NRG is the largest competitive energy provider in the nation. It has a fleet of approximately 100 generators with a total capacity of approximately 55,000 megawatts. As of December, 54% of its generating fleet was natural gas-burning generators; approximately 27% was coal-burning assets; and  approximately 12% was oil-burning assets. Less than 10% of its generating fleet produced clean energy.

Currently, NRG makes money by selling coal at natural gas prices. To be clear, investing in NRG today is investing in a company that profits from air pollution.

This situation may not last. The NRG of tomorrow may be an entirely different company. Speeding it along is a decision recently handed down by the Supreme Court. Last week, the court upheld the Environmental Protection Agency's (EPA) Cross-State Air Pollution Rule (CSAPR). The decision is understood to be a challenge for coal-burning companies like NRG, Southern (SO), Duke Energy (DUK) and PPL (PPL).

NRG believes it will take a long time before the court's decision is sorted out. The company argues that it bought its old generating assets for pennies on the dollar. As such, if NRG only operates its coal units for a few more years, the company should earn a respectable return for shareholders.

For NRG, it is more interesting than retiring old coal plants. In a utility's value chain, NRG currently occupies two separate positions. On the front end, NRG is the nation's largest generating company. On the back end, NRG is one the nation's largest energy service companies. The wires that connect the two are owned by others.

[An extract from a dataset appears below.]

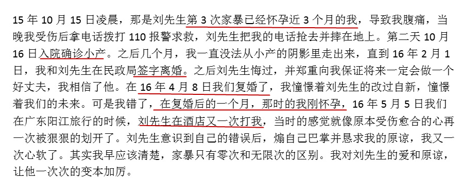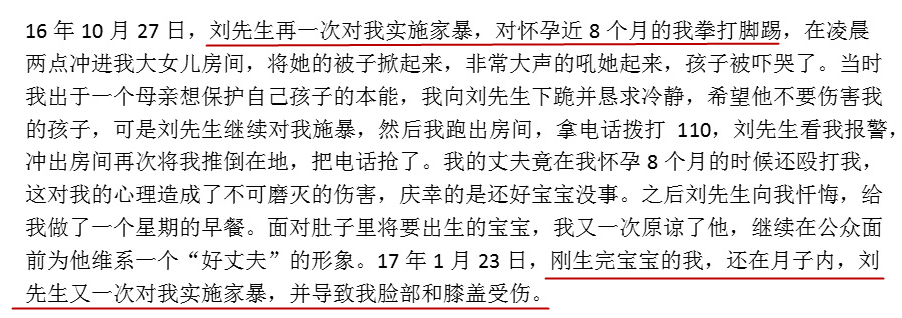 并且在妻子怀孕八个月的时期,都能狠下心对她拳打脚踢,17年1月23日,生下孩子不久的她,再一次被刘洲成家暴。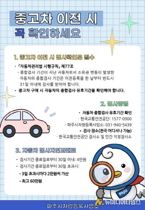 이호명 파주시 차량등록사업소장은 “자동차의 안전과 환경을 지키기 위한 종합검사는 선택이 아닌 의무”라며, “중고차 이전 후 31일 이내에 반드시 검사를 받아 불이익을 받지 않도록 시민 여러분의 적극적인 협조를 부탁드린다”라고 말했다.

NRG's call suggests it expect to lighten up on its front-end position. They may keep utility-grade solar farms, wind farms and standby capacity. However looking forward, it appears they expect difficulty arbitraging coal against natural gas in the future.

Consequently, NRG wants to jump in with SolarCity (SCTY). NRG want to install solar panels on the customer side of utilities' meters. In fact, NRG CEO David Crane thinks NRG is in a better position to take on this business than is SolarCity.

Crane may be right. Not only does NRG have a stronger balance sheet, it has several huge competitive advantages. First, NRG already has retail customer base of 3 million. Second, NRG is already delivering deregulated power over third-party wires, reading third-party meters and regularly billing retail customers. Third, they own and operate time-tested software to manage the customer interface. Last, NRG's marginal cost of operations for rooftop solar is small compared to SolarCity because its costs are incremental. In short, NRG is in position to become the nation's cost leader.

It could get better for NRG. By combining its utility-scale power plants, energy services and rooftop solar, NRG could hedge its retail energy positions against their power plants. In the process, they may earn higher capacity payments from their deregulated retail consumers than is typically available from the nation's grids.

For NRG's shareholders, a critical success factor will be how and when NRG retreats from its front-end position and migrates to the back end. In all likelihood, NRG will retire or convert its old coal boilers. They will retain some natural gas and oil-fired plants. If market prices for energy are high enough, they will run their plants for a nice profit. If not, they will collect capacity payments from retail customers or grids.

Because they are not a typical utility, NRG Energy is a speculative investment. They own no wires. Very few of their assets are regulated. However, in a face-to-face competition with SolarCity, I would pick NRG. They are the cost leaders in the distributed generation business and cost leaders usually win.